9. The aforementioned modification module further, The method for calculating the corrected evaluation value g of the current feedback time node is to generate a corrected evaluation value g of the current feedback time node based on a sequence of fatigue evaluation values C, [Math 4] And, Here, e1 is a predetermined first weight coefficient, e2 is a predetermined second weight coefficient, e3 is a predetermined third weight coefficient, Q1 is a predetermined first coefficient, Q2 is a predetermined second coefficient, Q3 is a predetermined third coefficient, c' is the predicted fatigue evaluation value of the current feedback time node, Δc is the average value of all data in the fatigue evaluation value sequence C, Y(i) is the selection coefficient, and if (ci - c') > 0, Y(i) = 1 / (ci - c'), and if (ci - c') < 0, Y(i) = 0. The wind power plant scheduling system based on fatigue distribution according to claim 8, characterized in that it is used to determine whether or not a correction command has been generated based on the corrected evaluation value g.

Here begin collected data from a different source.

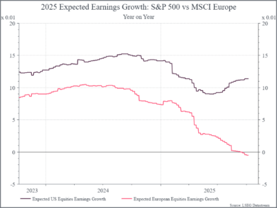 - L’azionario statunitense mantiene una posizione di forza: dopo un terzo trimestre brillante, gli utili societari restano solidi e le stime per il 2025 indicano una crescita a doppia cifra, laddove le previsioni per le società europee si sono progressivamente ridotte fino a indicare una crescita nulla
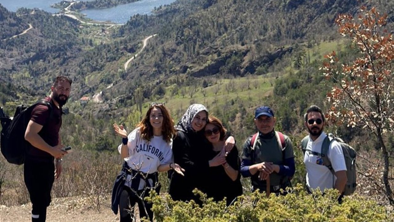 İlkbaharın renklerine bürünen ormanlık alanda yürüyen katılımcılar, Obruk Baraj Gölü manzarasında hatıra fotoğrafı çektirdi.
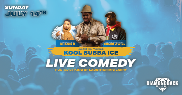Join us for a comedy bash featuring kool Bubba Ice, Comic J Will, Shane D, and with your host MIC Larry keeping the laughs rolling all night! π€

10. Determining whether or not to generate a correction command based on the correction evaluation value g is, The first corrected evaluation threshold G1 and the second corrected evaluation threshold G2 are set in advance, If g < G1, no correction command is generated. If G1 ≤ g < G2, a primary correction command is generated, and power compensation coefficients for each wind turbine point are generated based on the primary correction command. Modify the initial scheduling policy based on all power compensation factors, If g ≥ G2, this includes generating a secondary modification directive and modifying the initial scheduling policy based on the secondary modification directive, Modifying the initial scheduling policy based on the secondary modification directive means To generate a fatigue evaluation threshold C1 for the current feedback time node, If ci > C1, the i-th wind turbine point is removed, and the i-th wind turbine point is set as the wind turbine point to be inspected. To generate an inspection plan based on all wind turbine points to be inspected, The process involves establishing a sequence of primary wind turbine points A1 of the current feedback time node based on the removal results, where A1 = (a11, a12...a1i...a1n1), where a1i is the i-th unremoved wind turbine point of the current feedback time node, and n1 is the number of unremoved wind turbine points of the current feedback time node, and n1 ≤ n. The distribution coefficient for each primary wind turbine point is generated based on the predicted power and fatigue evaluation value of each primary wind turbine point, A wind power plant scheduling system based on fatigue distribution according to claim 9, comprising generating a primary scheduling policy for the current feedback time node based on a distribution coefficient and demand power b'.